Planning Discovery: The Initial Scheduling or Preliminary Conference

Courts today recognize that it helps to plan how discovery will progress.  In federal court, this is done at an Initial Scheduling Conference.  In New York State courts, it is done at a Preliminary Conference.

THE INITIAL SCHEDULING CONFERENCE:  In federal court, the initial scheduling conference is mandatory, and automatic.  The parties cannot engage in discovery until this conference has taken place.  How quickly this conference takes place largely depends on the availability of the the judge or the magistrate assigned to oversee discovery.

After the conference is scheduled, but before it is held, the parties are supposed to discuss their respective discovery needs with one another, and develop a plan for the progress of discovery, including goals and deadlines.  In part, this process includes reviewing the judge’s or magistrate’s standard form initial scheduling order, agreeing on the dates required by the form order, or agreeing to modifications to the standard form to accommodate the peculiarities of their particular case.  The end product of this process is a proposed initial scheduling order, which one party, by agreement, files with the court in advance of the conference so that is it available to the judge or magistrate at the conference, and serves as the basis for discussion at the conference.  Although this process may sound involved, it is often taken care of in one or two telephone calls.

Although in more complicated cases the conference may be more involved, the initial scheduling conference itself is often a short, uncomplicated affair, lasting maybe 30 minutes or so.  At the conference, the court gives each party an opportunity to describe their respective positions, and discusses the content of the initial scheduling order.  The court does not simply accept the positions of the parties, or their proposed scheduling order.  The court is probing the parties to determine whether there are any discovery issues that the parties have overlooked.  The end product of this conference is an scheduling order.  The order generally sets deadlines for the completion of various items of discovery.  It also sets dates for one or two additional conferences, including a conference often referred to as a final pre-trial conference, but which might more accurately be called a conference to certify the completion of discovery.

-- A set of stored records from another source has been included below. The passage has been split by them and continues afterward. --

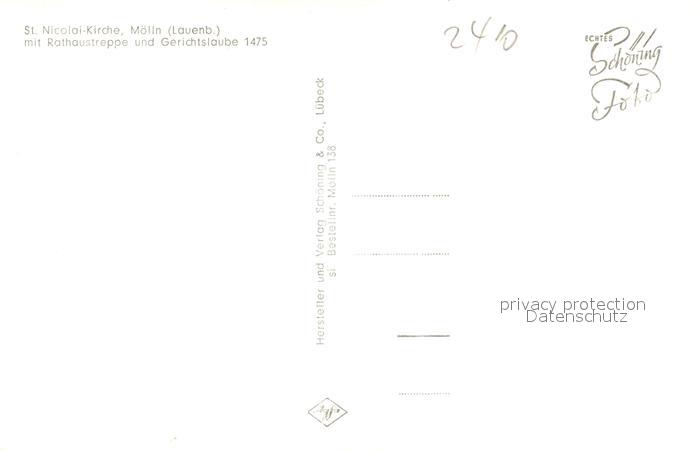 73566210 Moelln Lauenburg St Nicolai Kirche mit Rathaustreppe und Gerichtslaube postalisch nicht gelaufen Erhaltung siehe scans [WerneD78] KatCode: 11110001053090
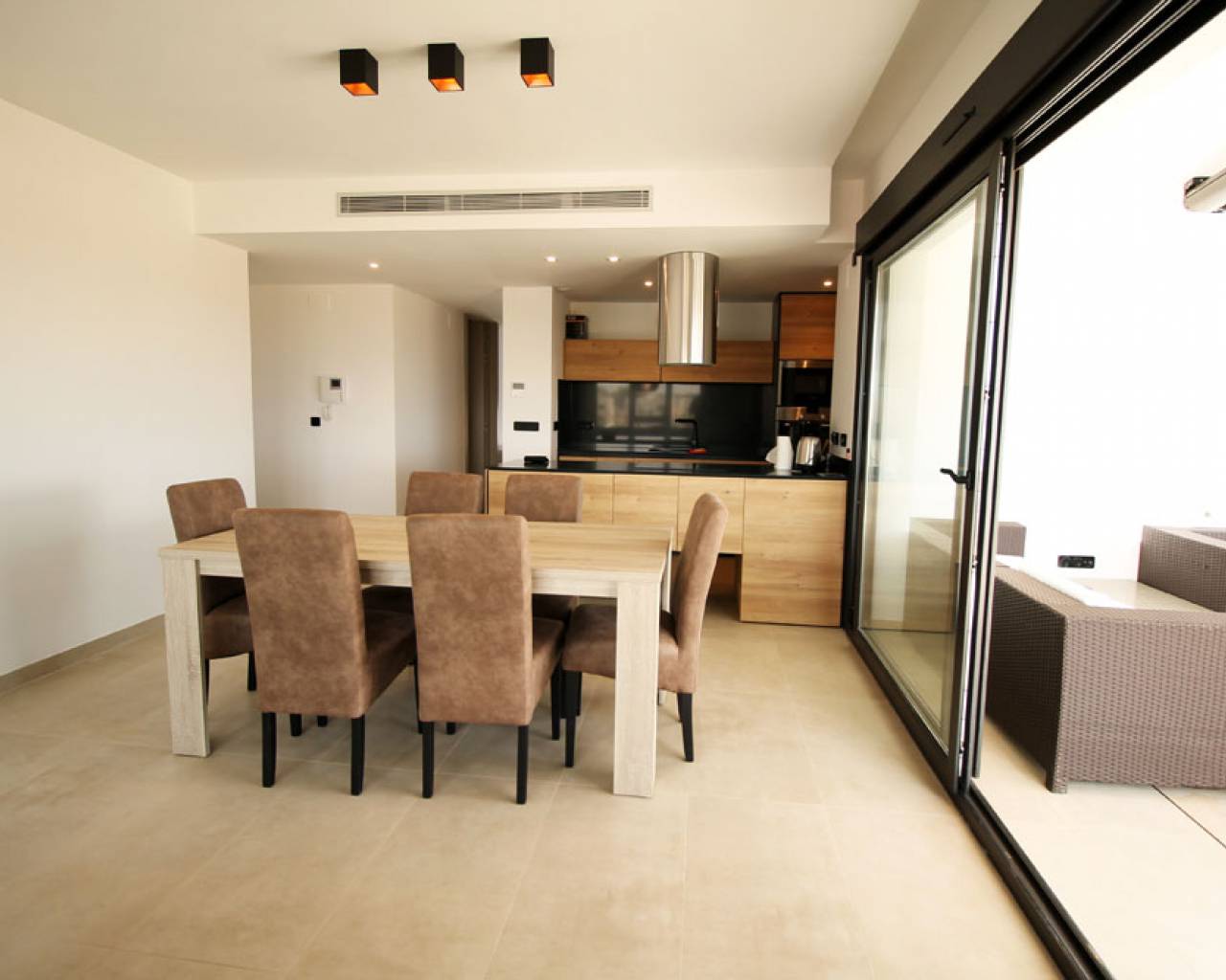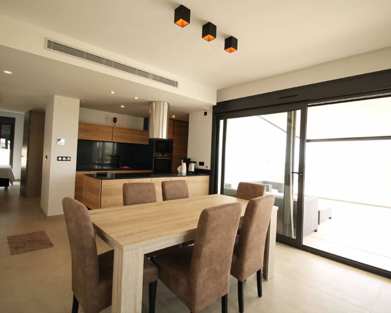 Falleg og rúmgóð íbúð á góðum stað í Villamartin Golf. Íbúðin sem er 120m2 samanstendur af 3 svefnherbergjum, 2 baðherbergjum, eldhúsi og stofu/borðstofu. Úr stofunni er útgengt á góða verönd en einnig er önnur verönd út af svefnherbergi. Íbúðin er staðsett í lúxus íbúðakjarna þar sem íbúar hafa aðgang að sameiginlegum garði með sundlaug en einnig er í kjallaranum spa þar sem er upphituð innilaug, sauna og líkamsrækt. Undir kjarnanum er bílageymsla þar sem einkastæði fylgir íbúðinni. Íbúðin er útbúin fyrir 6 manneskjur og er bæði internet og loftkæling.
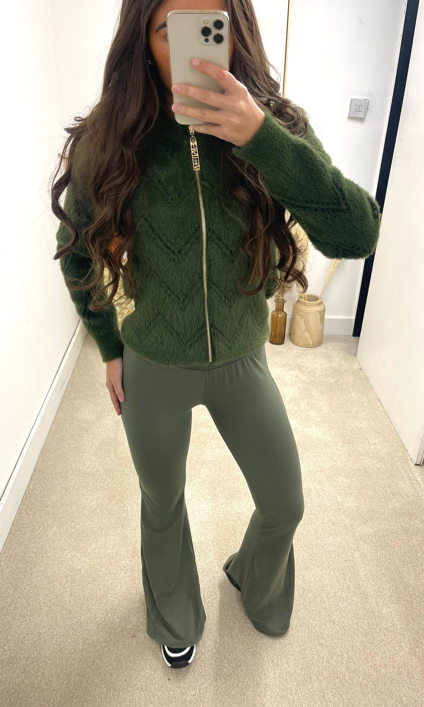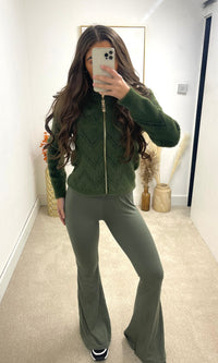 Inform when this item available: LAURA | Zip Fur Zig Zag Print Cardigan - Khaki - ONE SIZE (6-14)

THE PRELIMINARY CONFERENCE:  The preliminary conference takes place only in cases pending in New York State Supreme Court.  It is basically mandatory, but is not automatic.  It isn’t scheduled until a party requests it in a package of documents including a Request for Judicial Intervention (“RJI”) and a request for preliminary confrence.  Generally, no one requests a conference until the case is ready for certification or a problem comes up concerning discovery.  The discovery problem may only be that discovery is taking too long.  The preliminary conference might be requested early in the case, or it might not be scheduled until discovery is effectively done.  In some cases, the preliminary conference serves as the certification conference, where the parties certify that discovery is done, and the case is ready for trial.

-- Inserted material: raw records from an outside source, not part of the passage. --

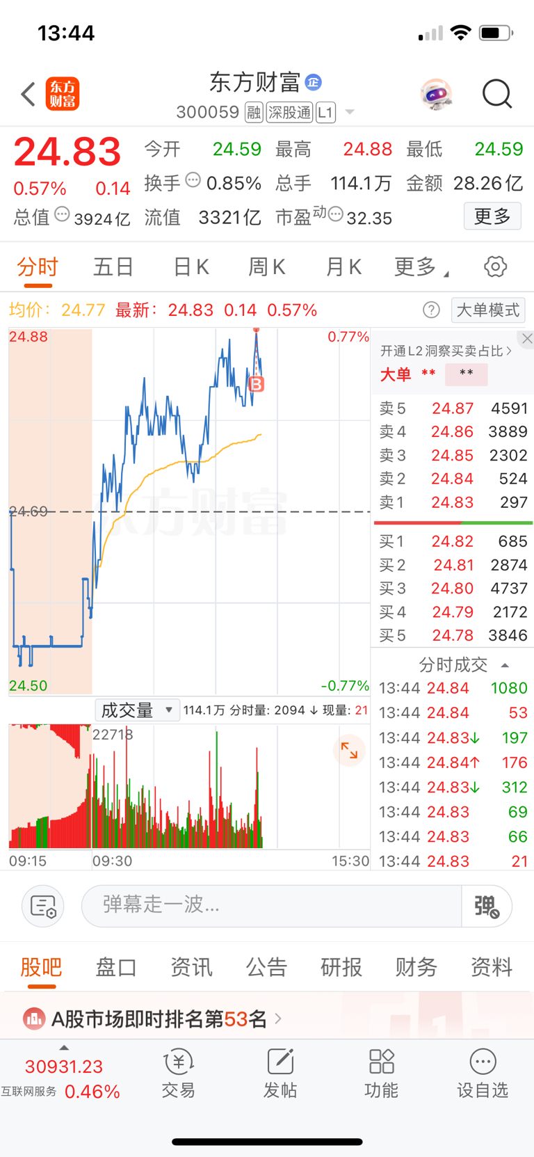 $东方财富(SZ300059)$ 进来就是最高点?我错了
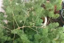 蓬莱松是天门冬科、天门冬属多年生丛生草本植物。宿存,圆柱形肉质根,纵截面为绿色和表面灰色。植株高可达3米。茎呈圆柱形或近四边形,底部木质化,具有灰色或灰褐色。幼嫩的茎在每个节上都被紫绿色鳞片包,…全部>>
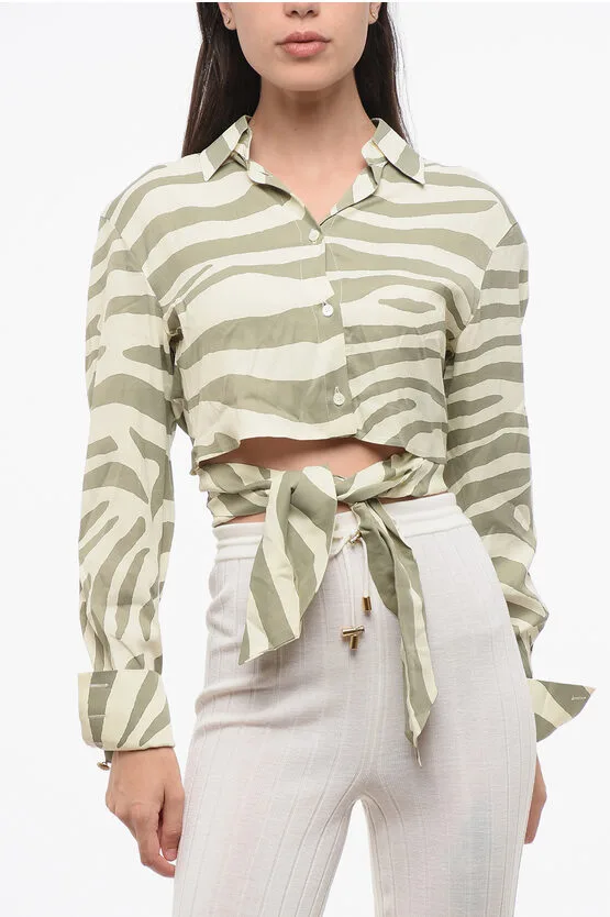 Cropped shirt met dierenmotief en knoopdetail in beige en verde

Exactly how the preliminary conference is conducted varies by county.  In some counties, the preliminary conference isn’t even held in a courtroom.  In some counties, when a party, any party, checks-in, that party is given a blank form preliminary conference order.  While that party is waiting, that party might start filling in the order.  Once all parties have arrived, the parties negotiate the final content of the form order.  In other counties, all parties have to first arrive before checking in, and obtaining a form order.  They then negotiate the contents of the order.  In either case, once the parties have reached agreement, they sign-off on the order, and return it to a court clerk.  The order is entered in one way or another.  Officially, a judge signs the order, but, in practice, the judge’s order may be a rubber stamp affixed by a court clerk.  In this part of the process, the court sets dates for future conferences.  After the form order is processed, each party receives a copy of the order as entered by the court.  In many counties, the parties do not even see a judge.

In most cases, most of the time spent on a preliminary conference is spent waiting.  The process of negotiating and filing a proposed order may take only a few minutes.

There is usually nothing in lower state courts as formal as a preliminary conference.  However, after discussion with the parties at a conference, when warranted, a judge might issue an order, generally not a form, which functions at least in some ways like a preliminary conference order, that is, establishing a schedule for discovery, including deadlines.